◆ Excerpted data ◆
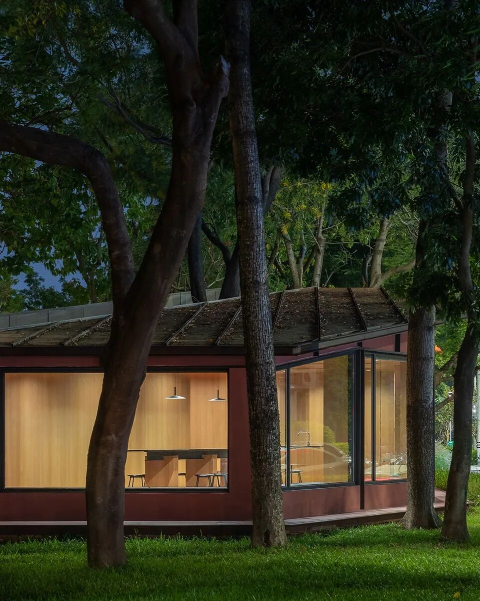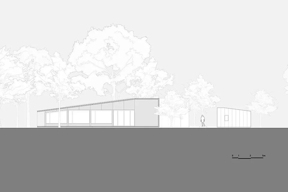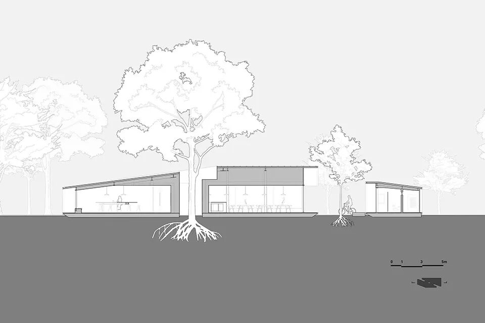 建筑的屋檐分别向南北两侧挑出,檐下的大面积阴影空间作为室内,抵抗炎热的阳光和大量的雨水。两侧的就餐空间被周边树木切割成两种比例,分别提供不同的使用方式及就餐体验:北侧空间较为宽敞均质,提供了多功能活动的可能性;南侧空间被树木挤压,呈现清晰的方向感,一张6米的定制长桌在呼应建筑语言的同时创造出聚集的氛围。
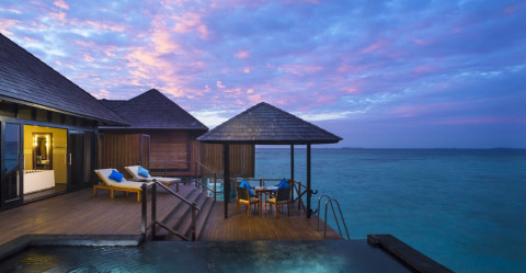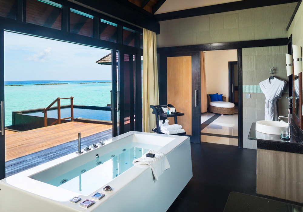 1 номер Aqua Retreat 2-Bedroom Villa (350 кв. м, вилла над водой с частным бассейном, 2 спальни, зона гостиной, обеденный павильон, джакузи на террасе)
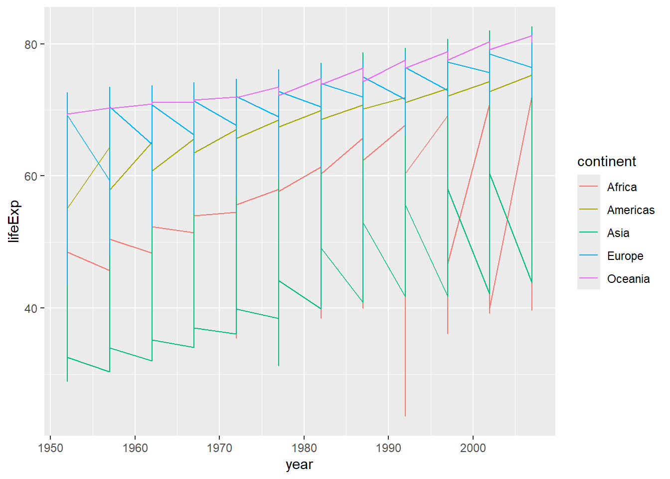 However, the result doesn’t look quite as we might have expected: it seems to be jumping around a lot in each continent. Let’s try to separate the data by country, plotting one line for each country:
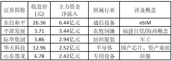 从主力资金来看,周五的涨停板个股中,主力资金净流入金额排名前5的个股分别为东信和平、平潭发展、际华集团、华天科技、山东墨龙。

* * *

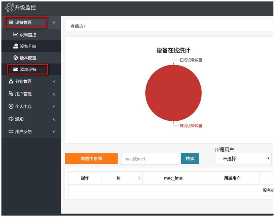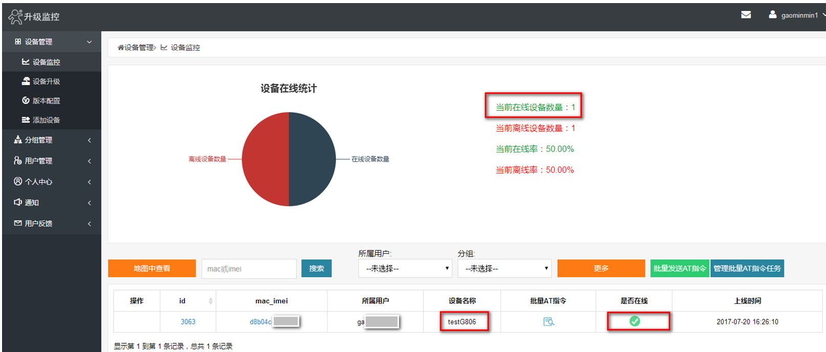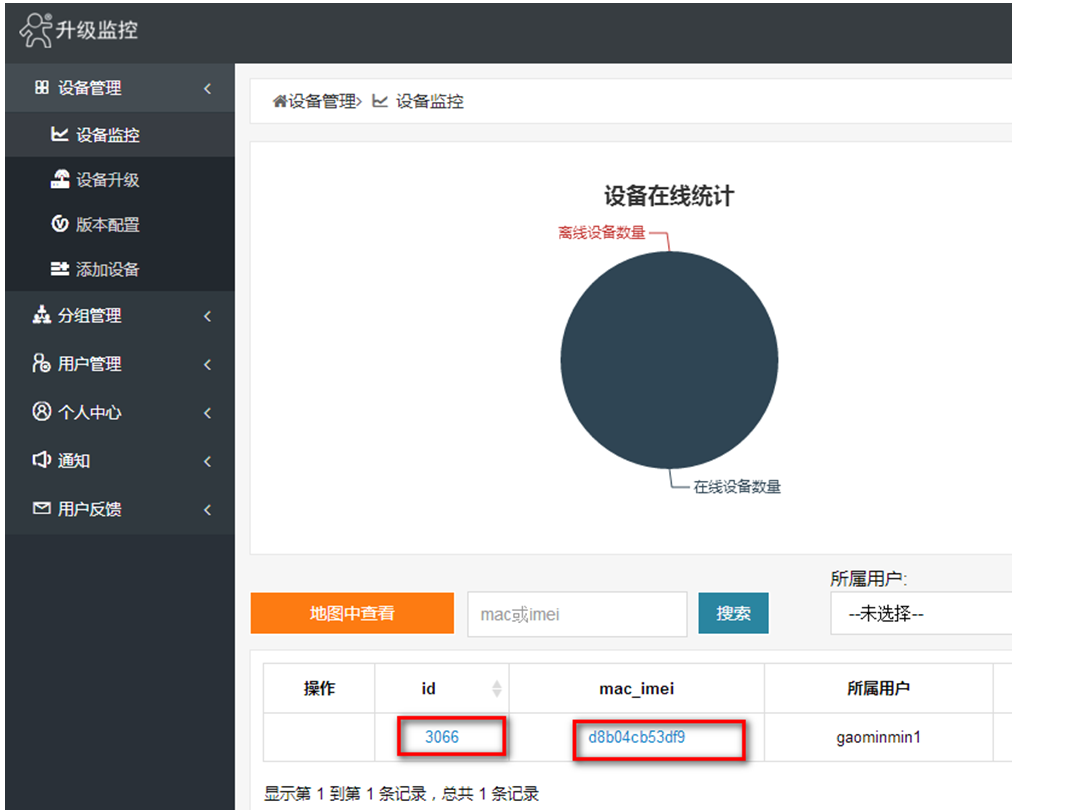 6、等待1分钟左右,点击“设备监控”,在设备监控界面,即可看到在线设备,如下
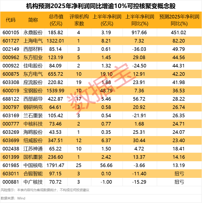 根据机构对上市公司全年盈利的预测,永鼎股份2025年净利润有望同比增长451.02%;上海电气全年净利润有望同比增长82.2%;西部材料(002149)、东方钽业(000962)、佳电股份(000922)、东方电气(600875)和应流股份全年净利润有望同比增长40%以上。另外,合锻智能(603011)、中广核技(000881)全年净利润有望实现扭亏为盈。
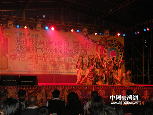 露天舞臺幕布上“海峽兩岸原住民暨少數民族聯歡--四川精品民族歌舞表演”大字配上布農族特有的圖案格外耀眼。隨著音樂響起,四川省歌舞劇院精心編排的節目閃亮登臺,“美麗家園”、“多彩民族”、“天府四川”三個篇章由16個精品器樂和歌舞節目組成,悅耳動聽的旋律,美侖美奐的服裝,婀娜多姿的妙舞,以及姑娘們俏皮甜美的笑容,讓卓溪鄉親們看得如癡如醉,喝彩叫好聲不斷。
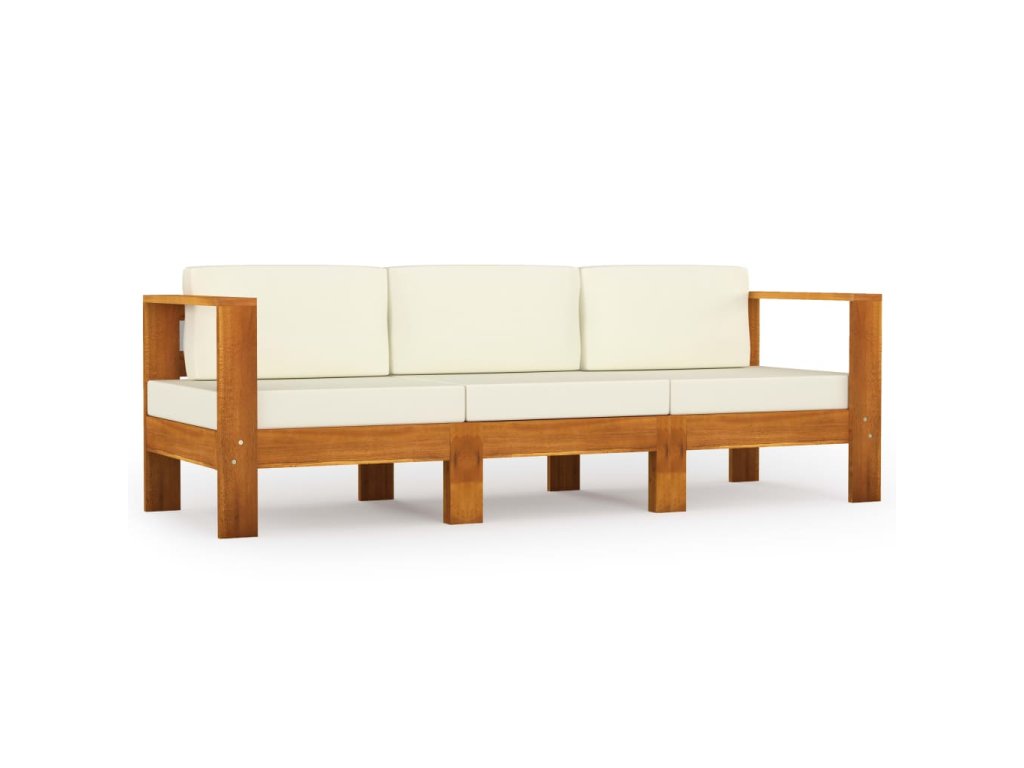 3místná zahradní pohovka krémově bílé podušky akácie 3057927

==

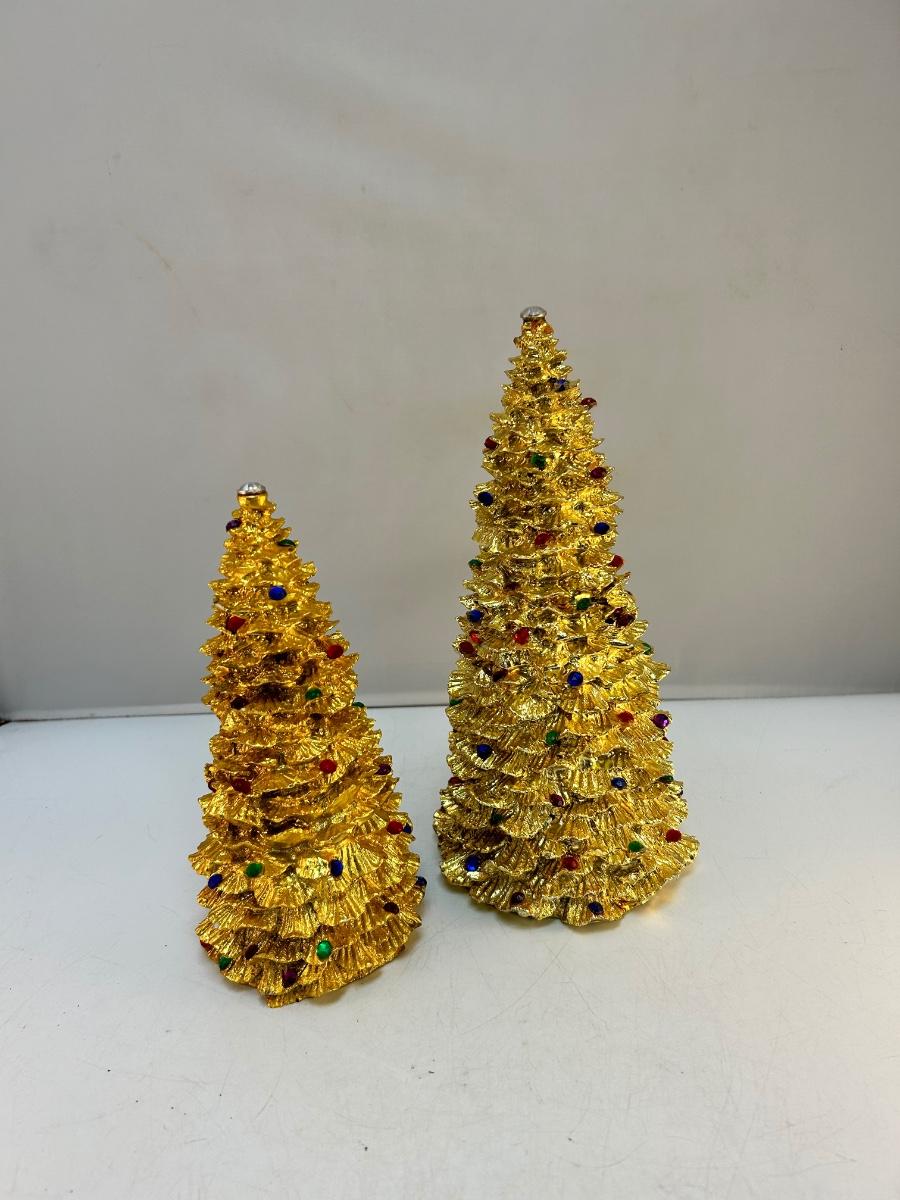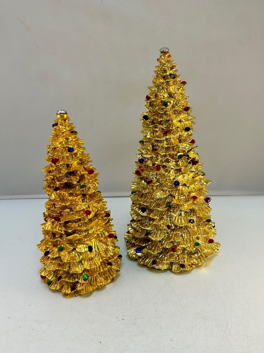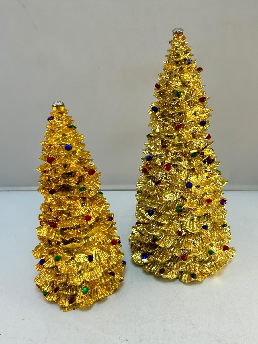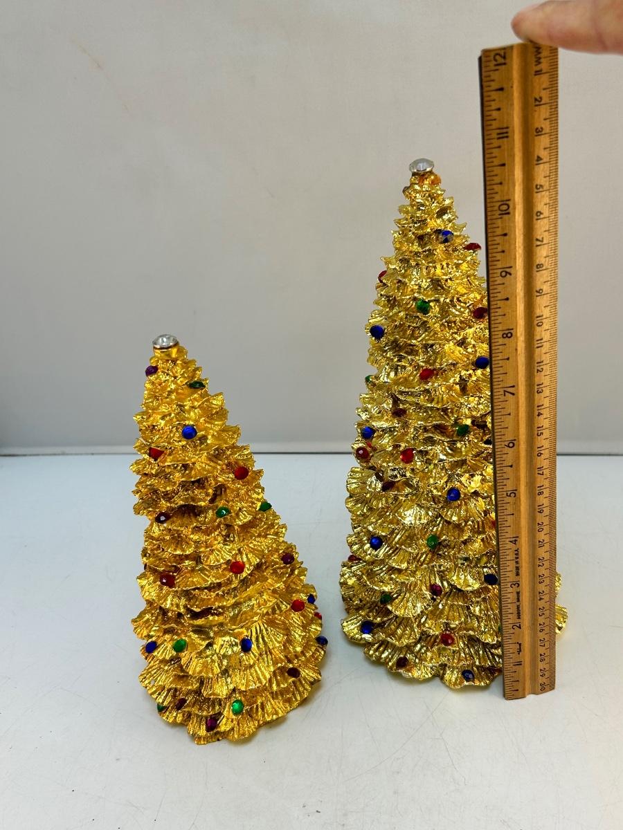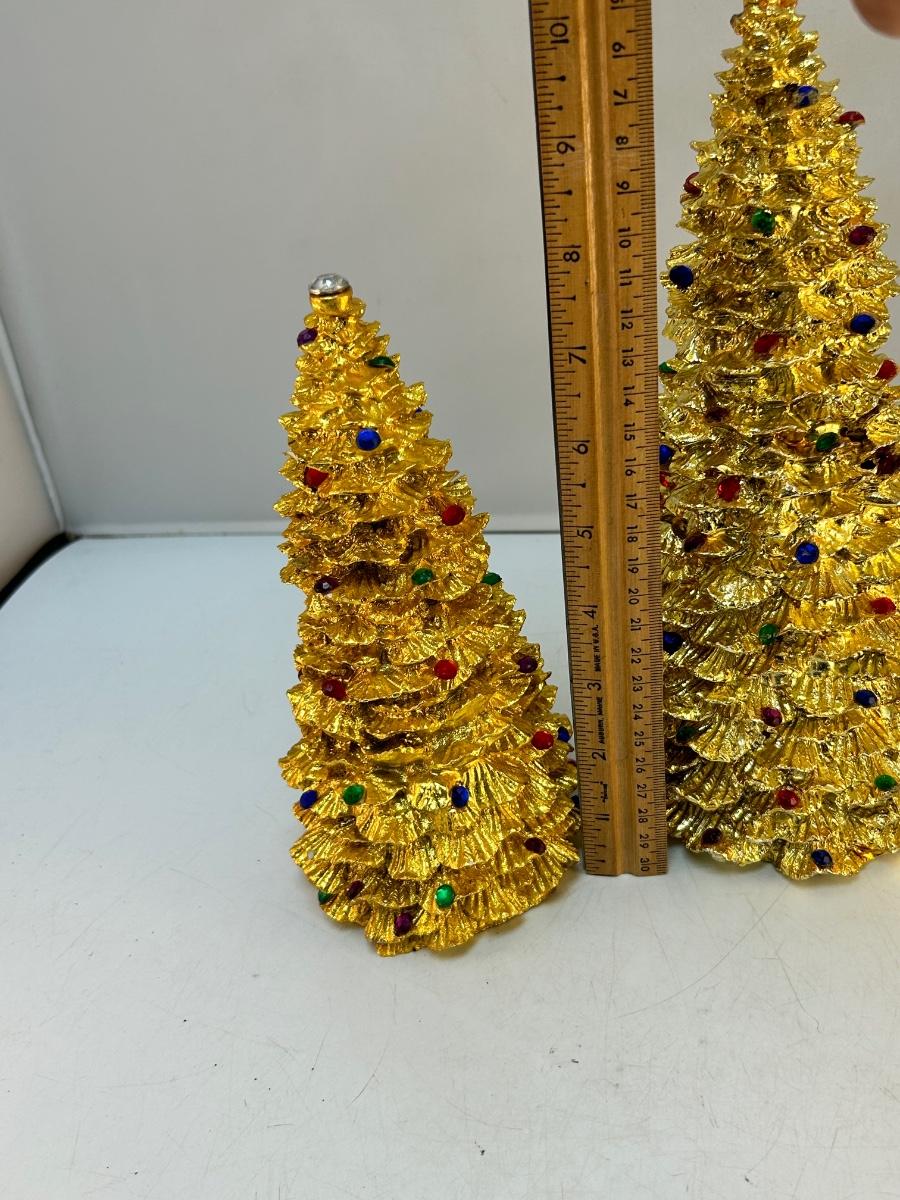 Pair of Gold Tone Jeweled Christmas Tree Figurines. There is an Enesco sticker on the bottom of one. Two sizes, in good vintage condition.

◆ Exercise instructions ◆
Once the line with "建筑的屋檐分别向南北两侧挑出" is found above, print it and every line after it through the line with "从主力资金来看,周五的涨停板", exactly. Pictures stay out.

◆ The completed task ◆
 建筑的屋檐分别向南北两侧挑出,檐下的大面积阴影空间作为室内,抵抗炎热的阳光和大量的雨水。两侧的就餐空间被周边树木切割成两种比例,分别提供不同的使用方式及就餐体验:北侧空间较为宽敞均质,提供了多功能活动的可能性;南侧空间被树木挤压,呈现清晰的方向感,一张6米的定制长桌在呼应建筑语言的同时创造出聚集的氛围。
 1 номер Aqua Retreat 2-Bedroom Villa (350 кв. м, вилла над водой с частным бассейном, 2 спальни, зона гостиной, обеденный павильон, джакузи на террасе)
 However, the result doesn’t look quite as we might have expected: it seems to be jumping around a lot in each continent. Let’s try to separate the data by country, plotting one line for each country:
 从主力资金来看,周五的涨停板个股中,主力资金净流入金额排名前5的个股分别为东信和平、平潭发展、际华集团、华天科技、山东墨龙。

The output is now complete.